Hidangan berkuah yang berasal dari Luwu atau Palopo ini memiliki bahan utama tepung sagu yang dilarutkan bersama air panas hingga membentuk adonan dengan tekstur menyerupai jelly. Adonan tersebut kemudian dibentuk bulat-bulat kecil seperti bakso lalu dicampurkan ke dalam kuah kacang yang berisikan aneka macam sayuran seperti jantung pisang, jagung manis, kacang panjang, terong, sayur bayam, dan mangga muda.
Bahkan saat ini ada yang menyertakan isian udang, ikan, atau ayam sebagai sumber protein hewani. Untuk rasanya pedas-asam dan Kapurung juga memiliki rasa yang segar. Kapurung merupakan salah satu hidangan Sulawesi Selatan dengan kandungan gizi yang sangat baik untuk dikonsumsi.

Barobbo

Dikarenakan Jagung merupakan bahan pangan yang sangat melimpah di Sulawesi Selatan, maka jangan heran jika di provinsi tersebut memiliki banyak kuliner yang berbahan jagung. Salah satunya yaitu Barobbo. Kuliner berkuah khas Bugis-Makassar ini menyerupai bubur jagung berkaldu kental dan memang banyak digemari oleh warga kota Makassar karena kelezatannya.
Bahan-bahan serta bumbu yang digunakan pun cukup ringkas, yaitu jagung yang disisir, bayam, kangkung, bawang merah, bawang putih, merica, garam, dan sebagainya. Biasanya masyarakat yang tinggal di dekat pesisir menambahkan udang sebagai bahan pelengkap.

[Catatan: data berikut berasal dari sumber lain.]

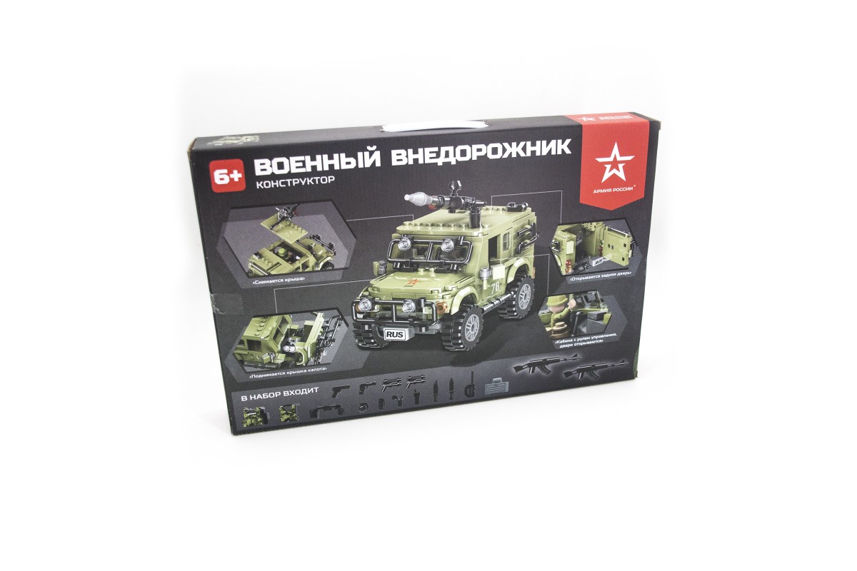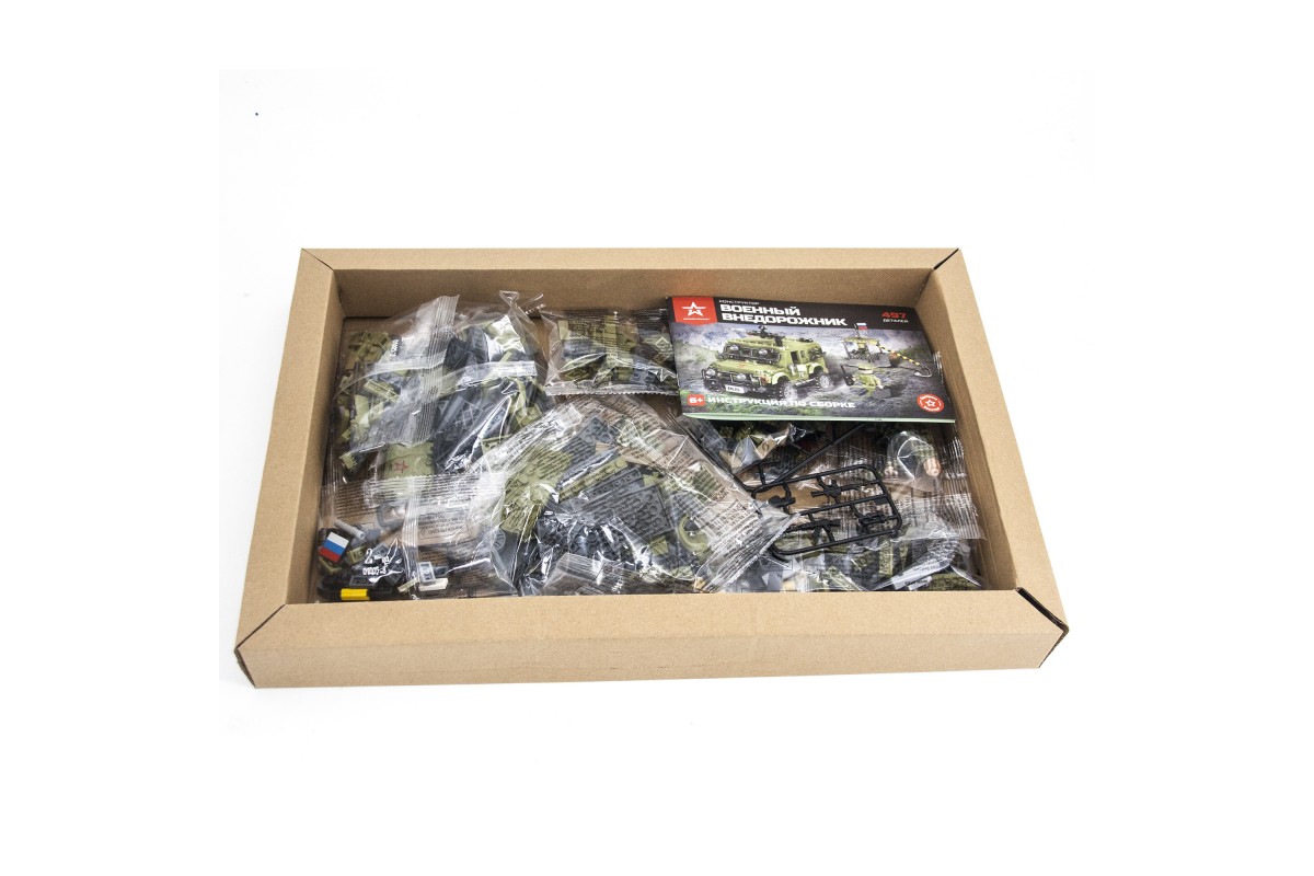 Конструктор "Военный Внедорожник" состоит из 497 деталей. Предназначен для детей старше 6-лет.

Baca Juga : Info Makanan Khas Bali yang Bikin Lapar

Pallu Mara

Ini dia salah satu dari 10 ikon kuliner Kota Makassar yang telah ditetapkan oleh Dinas setempat. Pallu Mara berasal dari kata Pallu yang berarti “masak” dan A’mara yang merupakan istilah “bumbu yang diserap hingga ke dalam”. Kuah dari Pallu Mara cukup kental, bercita rasa segar dengan warna kuning yang berasal dari campuran bumbu kunyit di dalamnya.
Karena kelezatannya serta pengolahannya yang cukup mudah, maka menu ini sangat populer dan dapat sering ditemukan di meja makan keluarga Bugis-Makassar, bahkan menu ini juga dapat ditemukan di warung-warung makan di kota Makassar.

Sop Ubi

Menu tradisional ini umumnya berbahan dasar singkong goreng yang dipotong kecil-kecil lalu dimasukkan ke dalam sup kaldu daging, namun karena masyarakat kota Makassar menyebut “singkong” sebagai “ubi” sehingga dinamakan lah hidangan ini “Sop Ubi”.
Selain singkong, dalam seporsi Sop Ubi juga terdapat bihun, taoge, telur rebus, daun bawang, bawang goreng, potongan kol, serta daging ayam atau sapi. Beberapa orang juga memberikan variasi ceker ayam atau jeroan sapi ke dalam Sop Ubi.